(Items from a data source)
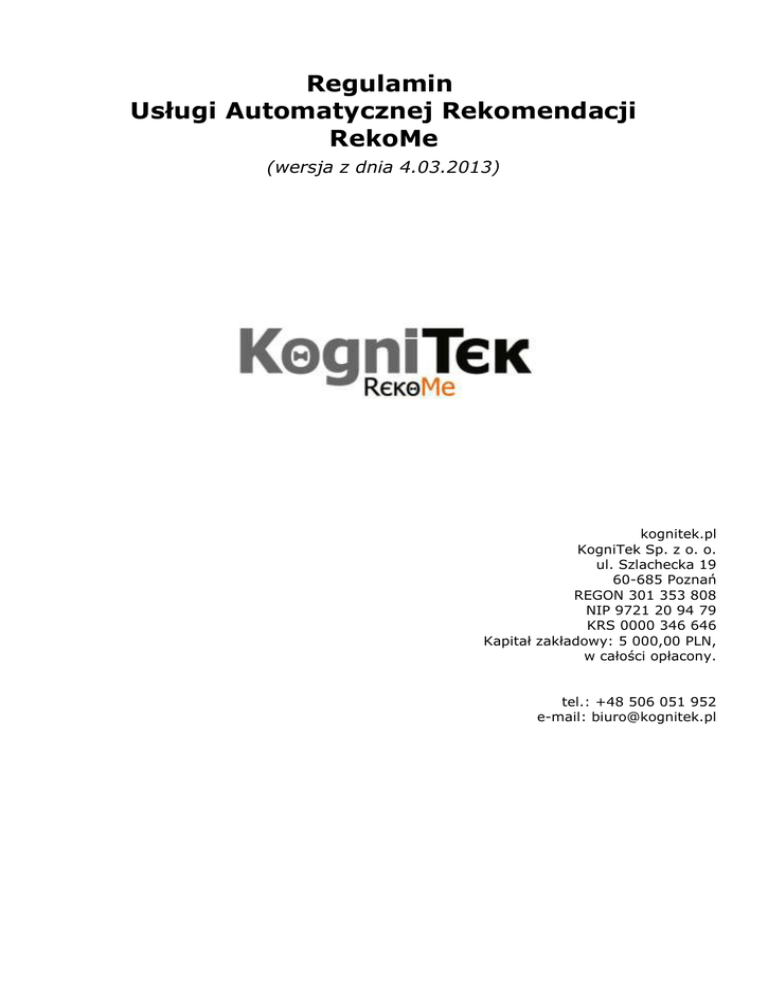 Regulamin Usługi Automatycznej Rekomendacji RekoMe (wersja z dnia 4.03.2013) kognitek.pl KogniTek Sp. z o. o. ul. Szlachecka 19 60-685 Poznań REGON 301 353 808 NIP 9721 20 94 79 KRS 0000 346 646 Kapitał zakładowy: 5 000,00 PLN, w całości opłacony. tel.: +48 506 051 952 e-mail: [email protected] Regulamin Usługi Automatycznej Rekomendacji RekoMe Postanowienia ogólne §1 Niniejszy Regulamin został wydany przez spółkę KogniTek Sp. z o. o. z siedzibą w Poznaniu (60-685) przy ul. Szlacheckiej 19, wpisaną do rejestru przedsiębiorców Krajowego Rejestru Sądowego prowadzonego przez Sąd Rejonowy Poznań - Nowe Miasto i Wilda w Poznaniu, VIII Wydział Gospodarczy KRS pod numerem KRS 0000 346 646, która świadczy Usługę Automatycznej Rekomendacji RekoMe i wykonuje czynności związane z jej realizacją. §2 Terminy użyte w Regulaminie oznaczają: 1. Regulamin - niniejszy regulamin; 2. Usługobiorca - osoba fizyczna bądź prawna będąca przedsiębiorcą i prowadząca działalność gospodarczą z wykorzystaniem sieci Internet, która zawarła z Usługodawcą umowę o korzystanie z usługi RekoMe akceptując Regulamin podczas Rejestracji bądź zawierając dodatkową umowę precyzującą warunki współpracy. Usługobiorcy przypisane jest indywidualne Konto pod unikalną nazwą (loginem); 3. Sklep Internetowy (Sklep) - serwis internetowy prowadzony przez Usługobiorcę, pośrednictwem użyciem którego Usługobiorca dokonuje on sprzedaży Produktów; 4. Produkt - element asortymentu Sklepu Internetowego oferowany w Sklepie Internetowym, (tj. możliwy do zakupienia zakupu przez Użytkownika) i potencjalnie podlegający Rekomendacji prezentowanej w Panelu Rekomendacyjnym; 5. Użytkownik Końcowy (Użytkownik) - pojedynczy użytkownik Sklepu Internetowego, który potencjalny nabywca, posiadający możliwość zakupu Produktów oferowanych przez Usługobiorcę w Sklepie Internetowym; 6. Usługodawca - KogniTek Spółka z ograniczoną odpowiedzialnością; 7. RekoMe (Usługa Automatycznej Rekomendacji RekoMe) - umożliwiający usługa polegająca na automatycznym rekomendowaniu Produktów dostępnych w Sklepie Internetowym oraz/bądź produktów oferowanych przez pozostałych usługobiorców korzystających z RekoMe. RekoMe jest narzędziem służącym do nawigacji w Sklepie Internetowym na podstawie danych behawioralnych oraz danych udostępnianych Usługodawcy przez Sklep Internetowy, jak również do kierowania na strony Sklepu Internetowego Użytkownika odwiedzającego stronę zewnętrzną - niebędącą stroną Sklepu, ale prezentującą rekomendacje produktów oferowanych w Sklepie Internetowym. Produkty innych usługobiorców mogą być rekomendowane w Sklepie danego Usługobiorcy jedynie w przypadku, gdy dany Usługobiorca nie posiada ich w swojej ofercie lub jeśli wyraził on na to zgodę. Strona główna serwisu internetowego prezentującego RekoMe jest dostępna pod adresem www.rekome.pl . 8. Rejestracja - procedura zakładania Konta Usługobiorcy pod unikalną nazwą (login); 9. Konto Usługobiorcy - prowadzone dla Usługobiorcy przez Usługodawcę pod unikalną nazwą (login) konto będące zbiorem zasobów, w którym gromadzone są dane Usługobiorcy oraz informacje o jego działaniach w ramach RekoMe; 10. Panel Rekomendacyjny - aplikacja internetowa znajdująca się na stronie internetowej Sklepu Internetowego, odpowiadająca za zbieranie danych transakcyjnych i wysyłanie ich do serwisu RekoMe. Panel Rekomendacyjny odpowiada również za wyświetlanie Rekomendacji. 11. Rekomendacja - wynik przetworzenia danych o Produktach oferowanych w Sklepie i danych o akcjach Użytkownika dokonywanych w Sklepie ,prezentowany w postaci listy kilku produktów estymowanych jako najlepiej odpowiadające w danym momencie potrzebom danego Użytkownika. W Sklepie Internetowym, Rekomendacje wyświetlane są w Slotach Panelu Rekomendacyjnego; 12. Rekomendacja Wewnątrz Sklepu Rekomendacja prezentowana w Panelu Rekomendacyjnym umieszczonym na stronie Sklepu Internetowego wskazująca Produkt z asortymentu tego samego Sklepu Internetowego; 13. Rekomendacja Wewnątrz Platformy – Rekomendacja prezentowana w Panelu Rekomendacyjnym umieszczonym na stronie Sklepu Internetowego wskazująca produkt niekonkurencyjny (tj. należący do innej kategorii niż którakolwiek z kategorii produktów oferowanych w Sklepie) oferowane w innych niż Sklep Internetowy sklepach korzystających z RekoMe lub Rekomendacja prezentowana w serwisie internetowym innego sklepu korzystającego z RekoMe (poza Sklepem Internetowym) wskazująca produkty oferowane w Sklepie Internetowym; 14. Podstawowa Wyszukiwarka RekoMe – bezpłatny wariant wyszukiwarki RekoMe o funkcjonalności ograniczonej do standardowego (tj. literalnego, dokładnego) wyszukiwania według słów kluczowych, tj. nie wyposażona w funkcje identyfikacji zapytań bliskoznacznych i o podobnej pisowni; Podstawowa Wyszukiwarka RekoMe jest wariantem wyszukiwarki RekoMe stosowanym zawsze w przypadku, w którym odpowiedź na zadane przez Użytkownika zapytanie uzyskana z użyciem Podstawowej Wyszukiwarki RekoMe jest niepusta, tj. kiedy użycie Podstawowej Wyszukiwarki RekoMe do obsługi danego zapytania powoduje uzyskanie jednej lub więcej odpowiedzi wskazujących produkty zgodne z zapytaniem; 15. Zaawansowana Wyszukiwarka RekoMe - odpłatny wariant wyszukiwarki RekoMe o funkcjonalności identyfikacji zapytań bliskoznacznych i o podobnej pisowni; Zaawansowana Wyszukiwarka RekoMe jest wariantem wyszukiwarki RekoMe stosowanym wyłącznie w przypadku, w którym odpowiedź na zadane przez Użytkownika zapytanie uzyskana z użyciem Podstawowej Wyszukiwarki RekoMe jest pusta, tj. kiedy użycie Podstawowej Wyszukiwarki RekoMe do obsługi danego zapytania nie powoduje uzyskania jakiejkolwiek niepustej odpowiedzi wskazującej produkty zgodne z zapytaniem; 16. Slot - jedno z pól w integrowanym ze stroną Sklepu Panelu Rekomendacyjnym, docelowe miejsce prezentowani
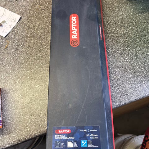 En kasse Knauf gipspladeskruer RA 35, beregnet til montering af gipsplader på stål. Skruerne er sortfosfaterede og velegnede til montage af op til 2 lag gips på stålprofiler.
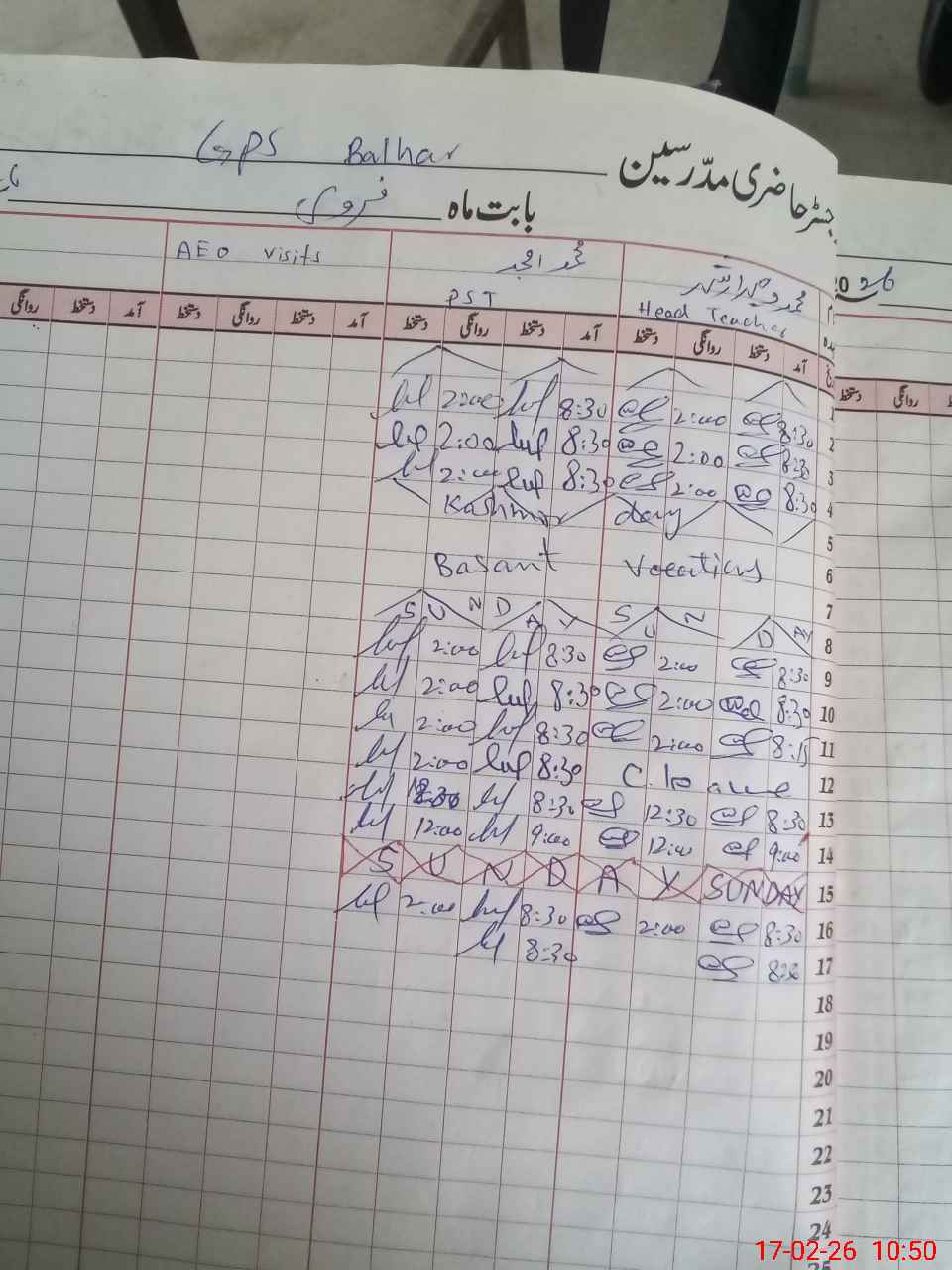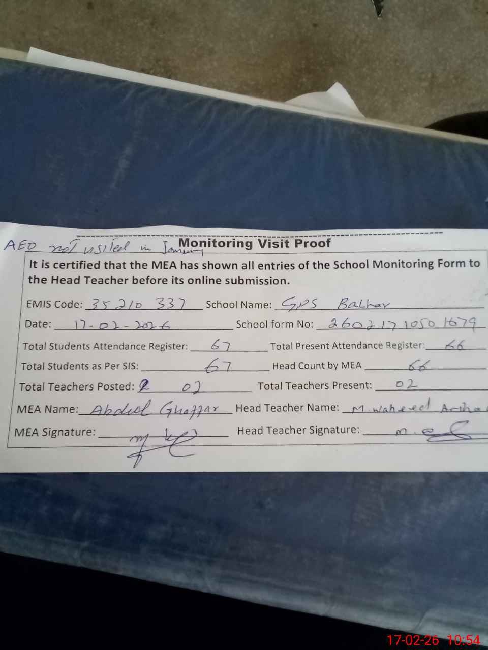 | EMIS Code: 35210337 | Name of School: GPS BALHAR TEHSIL MODEL TOWN | |||
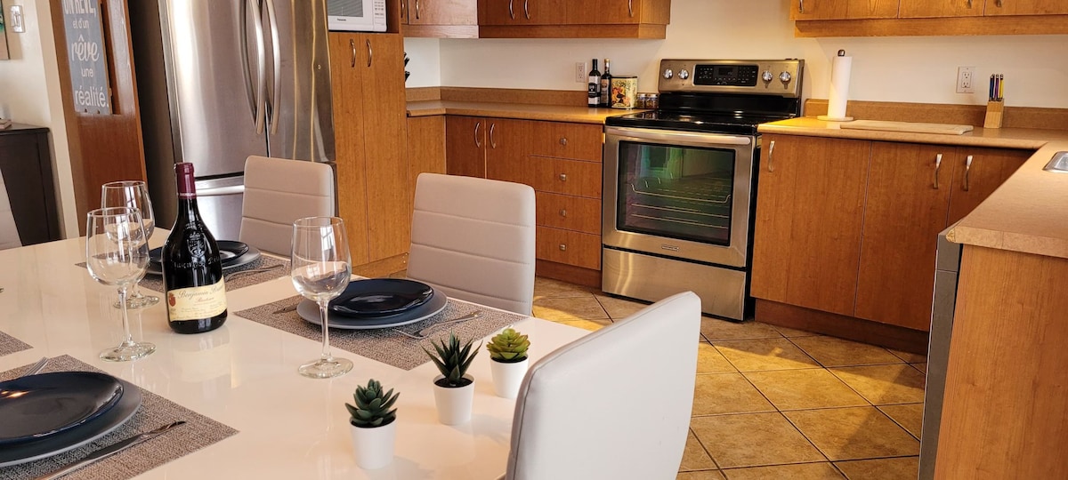 prostorno, popolnoma opremljeno stanovanje, ki se nahaja v osrčju mesta Boischatel, odlična lokacija za uživanje v Quebecu. Kuhinja, zakonska postelja (NOVA), pralno-sušilni stroj in velika dnevna soba z raztegljivim kavčem (zakonska postelja) za vse goste V stavbi vam je na voljo telovadnica. Brezplačno parkiranje v sklopu prenočišča, tik pred vhodom Manj kot 10 minut hoje do hotela Chutes-Montmorency, 5 min vožnje z avtomobilom do l 'Îles d' Orleans, 10 min od starega Quebeca in 25 minut od Mont-Sainte-Anne za vaše smučarsko potovanje!
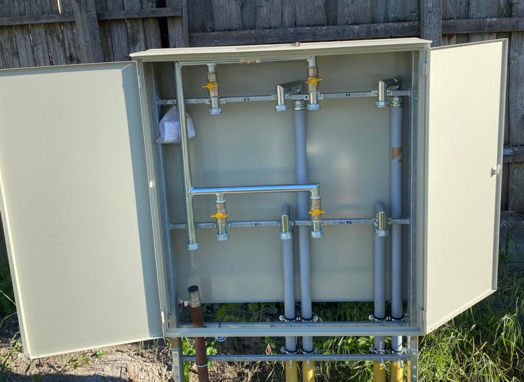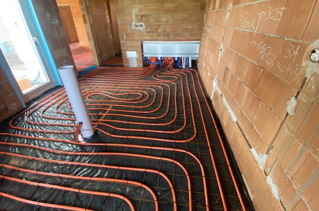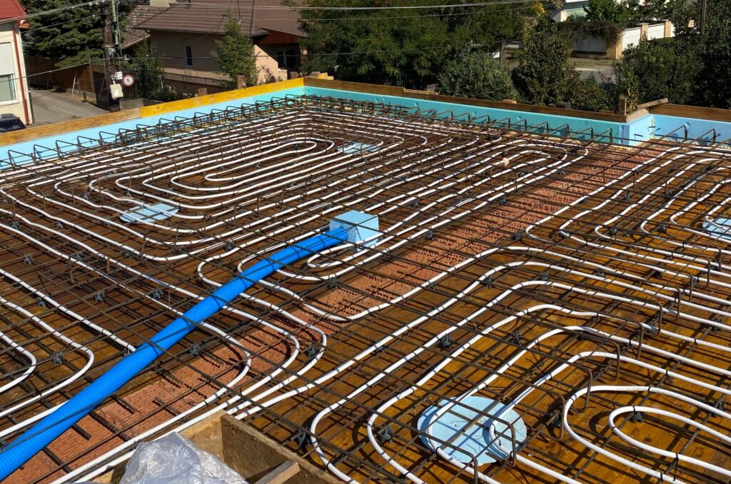 Általános épületgépész kivitelezésből néhány munkánkat emelnénk ki példának. A referencia fotón vashálóra szerelt padlófűtés látható, falba süllyeszthető osztó dobozzal.
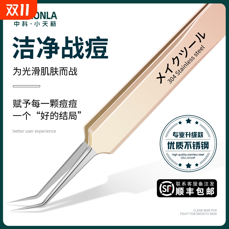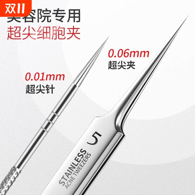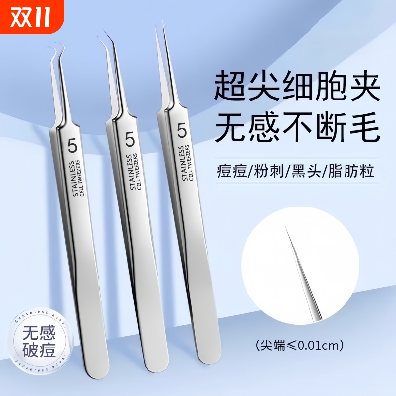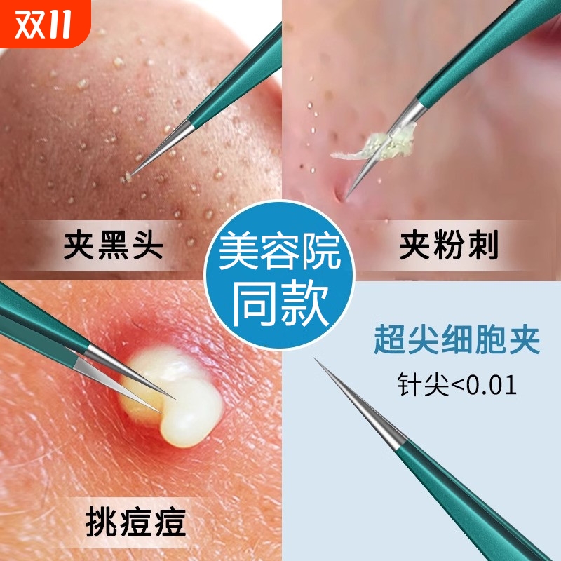 高精密细胞夹去黑头神器斜嘴镊子美容院专用刮闭口粉刺夹暗疮针清
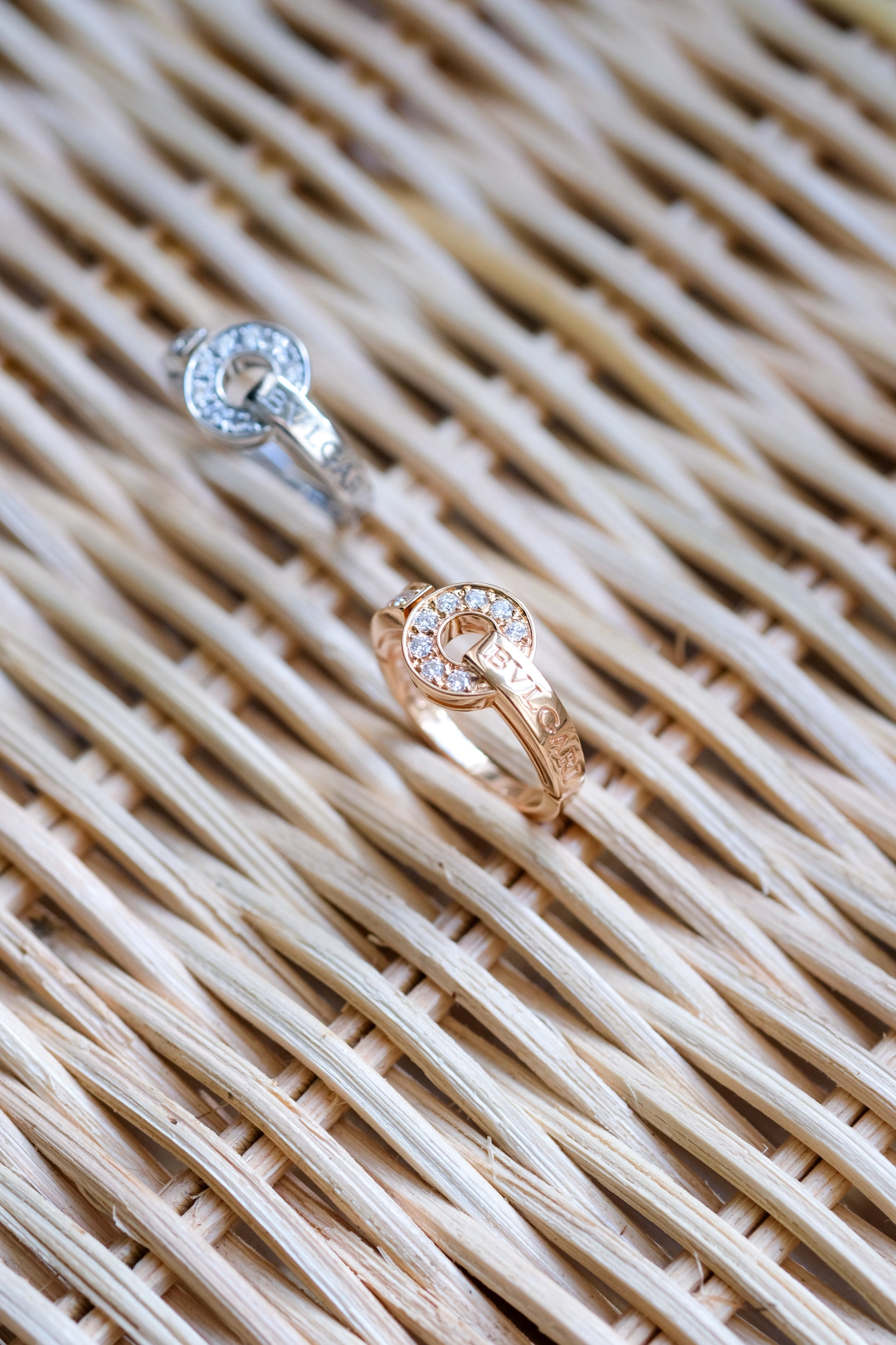 Curved lines, a visible brand name: this is the "Bvlgari" collection from the eponymous jewelry house. One of the most recognizable elements of the collection is, in fact, the double engraving "Bvlgari Bvlgari." This logo echoes the principle of the inscriptions on ancient Roman coins from which the collection draws its inspiration.
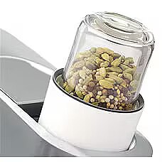 MediumDescription EN - A great little accessory for chopping, milling, grinding and blending small portions of food into glass jars. Great for baby foods, spices, coffee, marinades, dressings, purées, herbs and nuts. And it comes complete with three glass jars for handy storage. The smaller container means you can chop much more quickly and finely than you can with a larger mill attachment. The flat blade is great for coffee beans.
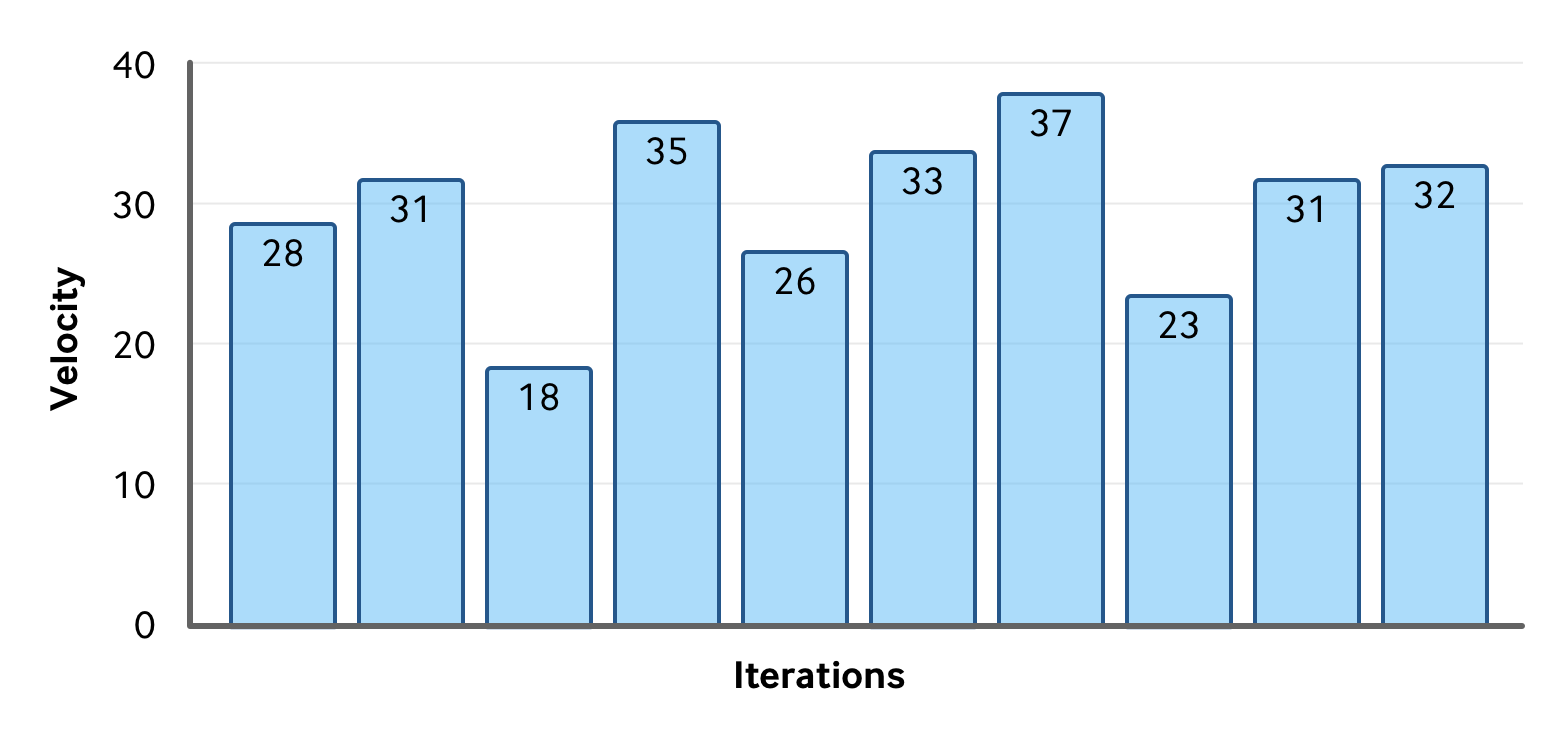 The team in this chart has an average velocity of 29. But in the past, their velocity has been as low as 18 and as high as 37. If they were asked to forecast their velocity in the next sprint, their honest answer would be anywhere from 18 to 37.

Task requirements => Once the line with "prostorno, popolnoma opremljeno" is found above, transcribe each line from it through the line with "高精密细胞夹去黑头神器斜嘴镊子美容院专用刮闭口粉刺夹暗疮针清", exactly, and omit the pictures.

Task result =>
 prostorno, popolnoma opremljeno stanovanje, ki se nahaja v osrčju mesta Boischatel, odlična lokacija za uživanje v Quebecu. Kuhinja, zakonska postelja (NOVA), pralno-sušilni stroj in velika dnevna soba z raztegljivim kavčem (zakonska postelja) za vse goste V stavbi vam je na voljo telovadnica. Brezplačno parkiranje v sklopu prenočišča, tik pred vhodom Manj kot 10 minut hoje do hotela Chutes-Montmorency, 5 min vožnje z avtomobilom do l 'Îles d' Orleans, 10 min od starega Quebeca in 25 minut od Mont-Sainte-Anne za vaše smučarsko potovanje!
 Általános épületgépész kivitelezésből néhány munkánkat emelnénk ki példának. A referencia fotón vashálóra szerelt padlófűtés látható, falba süllyeszthető osztó dobozzal.
 高精密细胞夹去黑头神器斜嘴镊子美容院专用刮闭口粉刺夹暗疮针清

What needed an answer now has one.